Specifying the dataset by the name "iris" yields the lowest version, version 1, with the data_id 61. To make sure you always get this exact dataset, it is safest to specify it by the dataset data_id. The other dataset, with data_id 969, is version 3 (version 2 has become inactive), and contains a binarized version of the data:

>>> np.unique(iris_969.target)
array(['N', 'P'], dtype=object)

You can also specify both the name and the version, which also uniquely identifies the dataset:

>>> iris_version_3 = fetch_openml(name="iris", version=3)
>>> iris_version_3.details['version']
'3'
>>> iris_version_3.details['id']
'969'

References:

Loading from external datasets

scikit-learn works on any numeric data stored as numpy arrays or scipy sparse matrices. Other types that are convertible to numeric arrays such as pandas DataFrame are also acceptable.

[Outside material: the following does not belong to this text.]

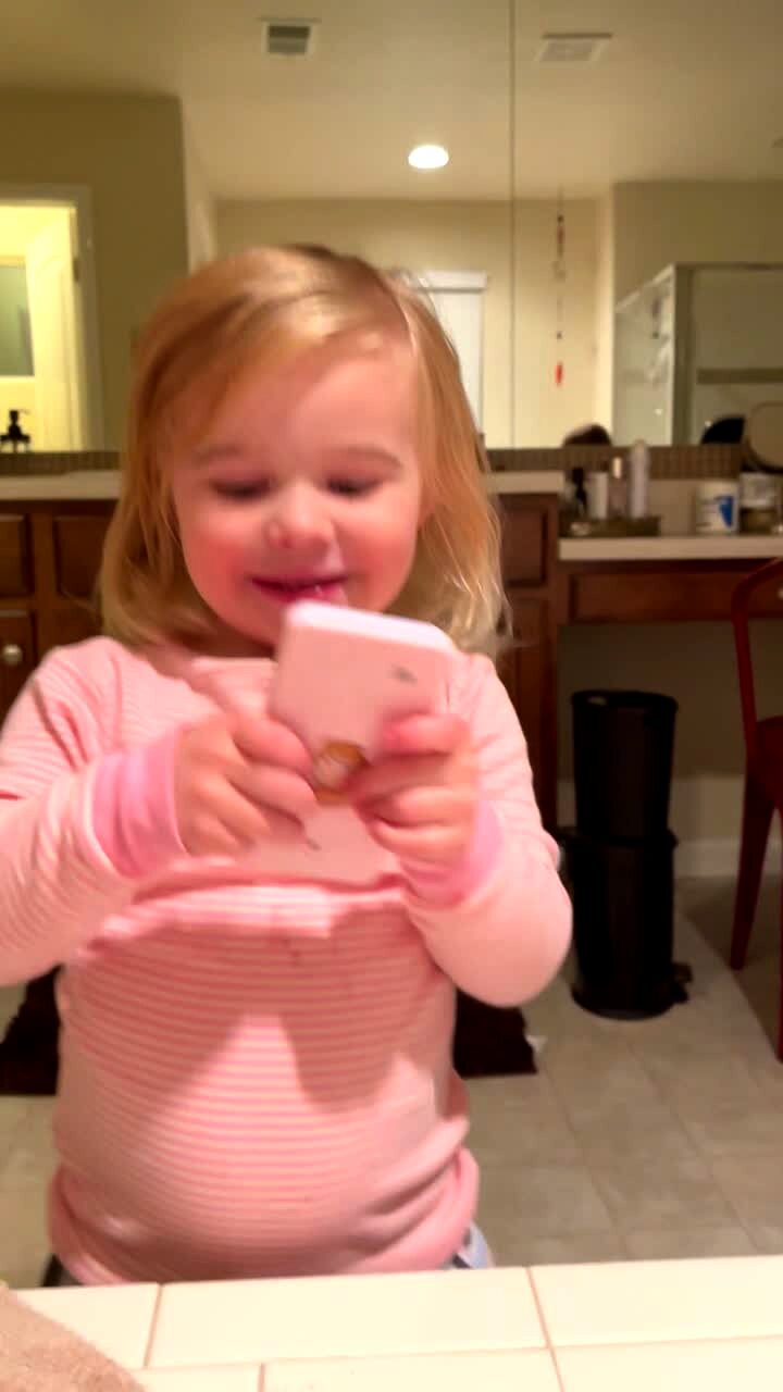 A sassy tot girl stands at a kitchen counter and takes selfies on a toy phone before she says, "I'm just posting these to my boyfriend."

Here are some recommended ways to load standard columnar data into a format usable by scikit-learn:

  • pandas.io provides tools to read data from common formats including CSV, Excel, JSON and SQL. DataFrames may also be constructed from lists of tuples or dicts. Pandas handles heterogeneous data smoothly and provides tools for manipulation and conversion into a numeric array suitable for scikit-learn.
  • scipy.io specializes in binary formats often used in scientific computing context such as .mat and .arff
  • numpy/routines.io for standard loading of columnar data into numpy arrays
  • scikit-learn's :func:`datasets.load_svmlight_file` for the svmlight or libSVM sparse format
  • scikit-learn's :func:`datasets.load_files` for directories of text files where the name of each directory is the name of each category and each file inside of each directory corresponds to one sample from that category

For some miscellaneous data such as images, videos, and audio, you may wish to refer to:

Categorical (or nominal) features stored as strings (common in pandas DataFrames) will need converting to numerical features using :class:`sklearn.preprocessing.OneHotEncoder` or :class:`sklearn.preprocessing.OrdinalEncoder` or similar. See :ref:`preprocessing`.

Note: if you manage your own numerical data it is recommended to use an optimized file format such as HDF5 to reduce data load times. Various libraries such as H5Py, PyTables and pandas provides a Python interface for reading and writing data in that format.